Source records>
▼
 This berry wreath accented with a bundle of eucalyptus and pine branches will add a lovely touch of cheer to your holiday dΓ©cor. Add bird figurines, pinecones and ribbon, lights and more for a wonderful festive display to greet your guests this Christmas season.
▲
▼
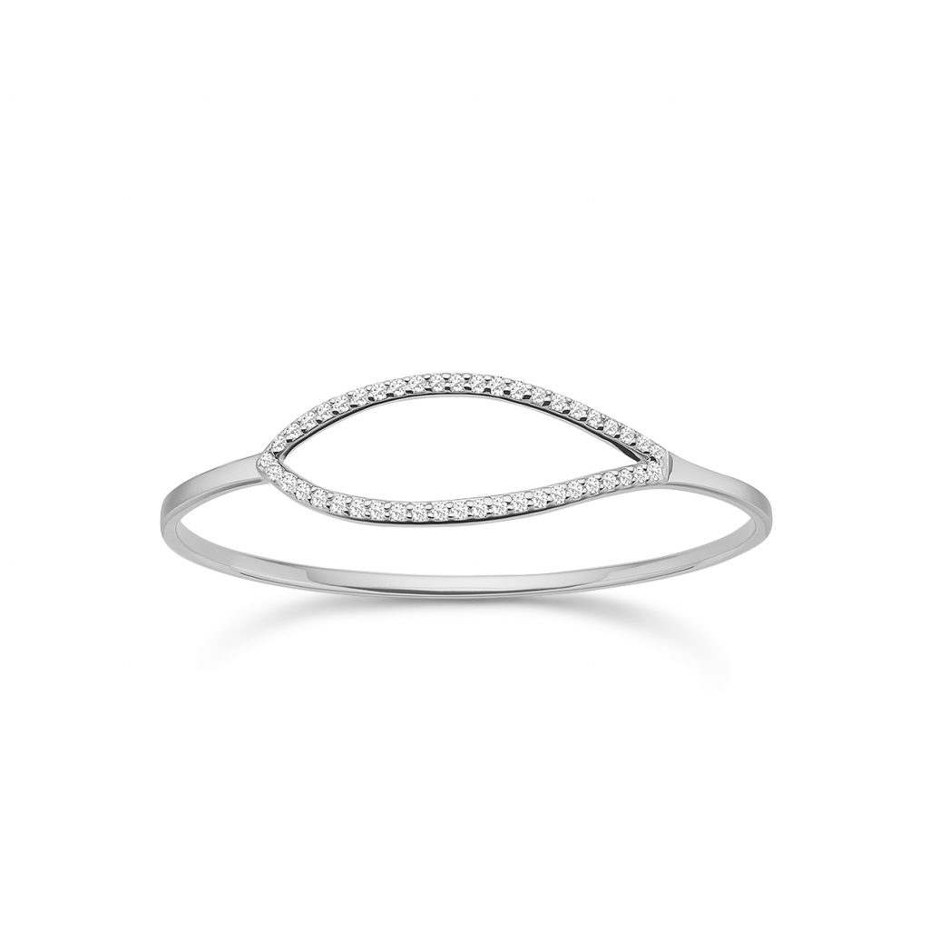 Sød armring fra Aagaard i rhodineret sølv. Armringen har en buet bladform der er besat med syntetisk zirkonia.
▲
▼
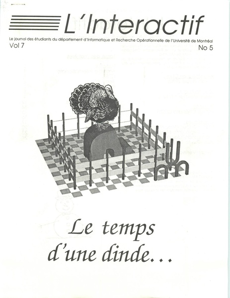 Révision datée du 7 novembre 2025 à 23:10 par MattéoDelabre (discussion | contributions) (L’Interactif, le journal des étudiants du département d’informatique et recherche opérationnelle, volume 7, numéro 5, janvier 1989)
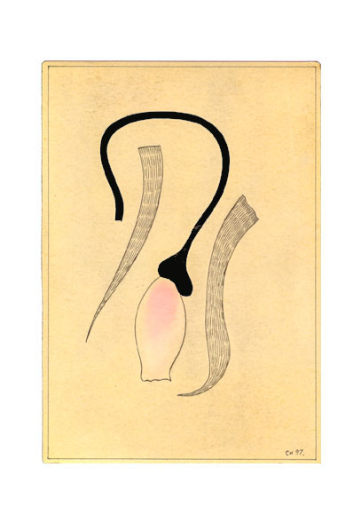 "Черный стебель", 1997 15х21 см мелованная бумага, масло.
▲
Work instructions>
Only the lines above from the one containing "Révision datée du" through the one containing "мелованная бумага, масло." should be returned, verbatim and inclusive, with pictures excluded.

Your solution>
 Révision datée du 7 novembre 2025 à 23:10 par MattéoDelabre (discussion | contributions) (L’Interactif, le journal des étudiants du département d’informatique et recherche opérationnelle, volume 7, numéro 5, janvier 1989)
 "Черный стебель", 1997 15х21 см мелованная бумага, масло.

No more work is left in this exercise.